# INPUT DATA
──────────

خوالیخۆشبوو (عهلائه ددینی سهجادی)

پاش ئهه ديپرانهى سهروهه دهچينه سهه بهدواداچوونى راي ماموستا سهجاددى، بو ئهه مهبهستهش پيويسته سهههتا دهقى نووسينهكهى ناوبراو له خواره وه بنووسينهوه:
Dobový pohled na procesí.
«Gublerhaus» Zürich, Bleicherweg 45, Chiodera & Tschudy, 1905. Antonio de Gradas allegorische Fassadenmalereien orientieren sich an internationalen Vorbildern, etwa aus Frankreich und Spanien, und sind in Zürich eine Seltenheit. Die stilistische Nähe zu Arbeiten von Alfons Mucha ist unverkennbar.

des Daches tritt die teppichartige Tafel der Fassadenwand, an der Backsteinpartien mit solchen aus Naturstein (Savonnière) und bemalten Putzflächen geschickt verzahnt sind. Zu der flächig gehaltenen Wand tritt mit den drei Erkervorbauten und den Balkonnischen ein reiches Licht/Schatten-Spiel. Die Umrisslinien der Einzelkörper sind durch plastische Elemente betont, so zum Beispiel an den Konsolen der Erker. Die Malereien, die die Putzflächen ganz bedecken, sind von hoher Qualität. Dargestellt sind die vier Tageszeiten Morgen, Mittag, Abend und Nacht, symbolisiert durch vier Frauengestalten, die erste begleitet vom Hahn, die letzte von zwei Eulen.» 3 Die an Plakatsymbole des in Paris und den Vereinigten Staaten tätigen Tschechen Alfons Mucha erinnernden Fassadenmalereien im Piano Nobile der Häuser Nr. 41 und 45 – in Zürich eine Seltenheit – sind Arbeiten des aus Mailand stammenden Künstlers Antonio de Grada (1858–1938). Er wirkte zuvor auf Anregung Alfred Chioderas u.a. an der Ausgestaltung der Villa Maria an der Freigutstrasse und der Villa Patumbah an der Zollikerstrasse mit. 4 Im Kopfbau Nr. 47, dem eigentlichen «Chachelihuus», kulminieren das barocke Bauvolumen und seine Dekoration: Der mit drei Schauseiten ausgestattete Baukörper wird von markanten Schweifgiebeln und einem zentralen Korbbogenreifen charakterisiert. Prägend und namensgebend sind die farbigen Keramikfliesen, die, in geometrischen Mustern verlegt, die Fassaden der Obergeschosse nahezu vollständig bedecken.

──────────

# TASK GOAL
Keep to the lines above, from the first one through the line where "Mucha ist unverkennbar." appears, and copy them exactly.

# SOLUTION FOR THIS EXERCISE
خوالیخۆشبوو (عهلائه ددینی سهجادی)

پاش ئهه ديپرانهى سهروهه دهچينه سهه بهدواداچوونى راي ماموستا سهجاددى، بو ئهه مهبهستهش پيويسته سهههتا دهقى نووسينهكهى ناوبراو له خواره وه بنووسينهوه:
Dobový pohled na procesí.
«Gublerhaus» Zürich, Bleicherweg 45, Chiodera & Tschudy, 1905. Antonio de Gradas allegorische Fassadenmalereien orientieren sich an internationalen Vorbildern, etwa aus Frankreich und Spanien, und sind in Zürich eine Seltenheit. Die stilistische Nähe zu Arbeiten von Alfons Mucha ist unverkennbar.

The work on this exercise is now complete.